── Information given ──
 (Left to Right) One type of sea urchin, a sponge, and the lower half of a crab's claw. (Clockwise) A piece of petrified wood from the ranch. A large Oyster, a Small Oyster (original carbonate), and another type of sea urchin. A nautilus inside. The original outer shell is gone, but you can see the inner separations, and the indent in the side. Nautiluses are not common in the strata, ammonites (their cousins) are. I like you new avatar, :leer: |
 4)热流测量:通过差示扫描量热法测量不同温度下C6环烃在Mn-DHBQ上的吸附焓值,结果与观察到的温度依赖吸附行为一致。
───
── Information given ──
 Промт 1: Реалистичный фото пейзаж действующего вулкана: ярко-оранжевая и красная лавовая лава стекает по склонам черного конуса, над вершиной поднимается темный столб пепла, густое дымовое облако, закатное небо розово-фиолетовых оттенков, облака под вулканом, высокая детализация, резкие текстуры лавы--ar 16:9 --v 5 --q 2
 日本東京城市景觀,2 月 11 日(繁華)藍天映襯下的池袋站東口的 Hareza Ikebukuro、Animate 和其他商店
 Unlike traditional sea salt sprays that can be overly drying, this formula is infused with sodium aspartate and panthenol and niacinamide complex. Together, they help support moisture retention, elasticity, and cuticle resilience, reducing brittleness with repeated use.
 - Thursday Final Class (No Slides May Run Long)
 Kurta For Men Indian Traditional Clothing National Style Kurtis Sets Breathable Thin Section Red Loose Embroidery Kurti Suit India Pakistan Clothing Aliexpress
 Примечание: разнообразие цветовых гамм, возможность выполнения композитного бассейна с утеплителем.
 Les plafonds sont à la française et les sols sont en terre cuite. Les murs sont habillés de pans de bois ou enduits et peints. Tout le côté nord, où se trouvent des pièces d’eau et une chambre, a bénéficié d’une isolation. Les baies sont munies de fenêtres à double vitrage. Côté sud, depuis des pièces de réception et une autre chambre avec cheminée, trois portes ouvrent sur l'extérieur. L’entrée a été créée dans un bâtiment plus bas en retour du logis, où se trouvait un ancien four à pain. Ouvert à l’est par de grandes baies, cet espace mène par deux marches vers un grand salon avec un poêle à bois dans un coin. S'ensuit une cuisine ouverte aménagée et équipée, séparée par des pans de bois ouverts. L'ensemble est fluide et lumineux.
───
About this exercise: Only those lines of the entries above that run from the line containing "日本東京城市景觀,2 月 11" to the line containing "- Thursday Final", both included, should be transcribed exactly.

Answer below:
 日本東京城市景觀,2 月 11 日(繁華)藍天映襯下的池袋站東口的 Hareza Ikebukuro、Animate 和其他商店
 Unlike traditional sea salt sprays that can be overly drying, this formula is infused with sodium aspartate and panthenol and niacinamide complex. Together, they help support moisture retention, elasticity, and cuticle resilience, reducing brittleness with repeated use.
 - Thursday Final Class (No Slides May Run Long)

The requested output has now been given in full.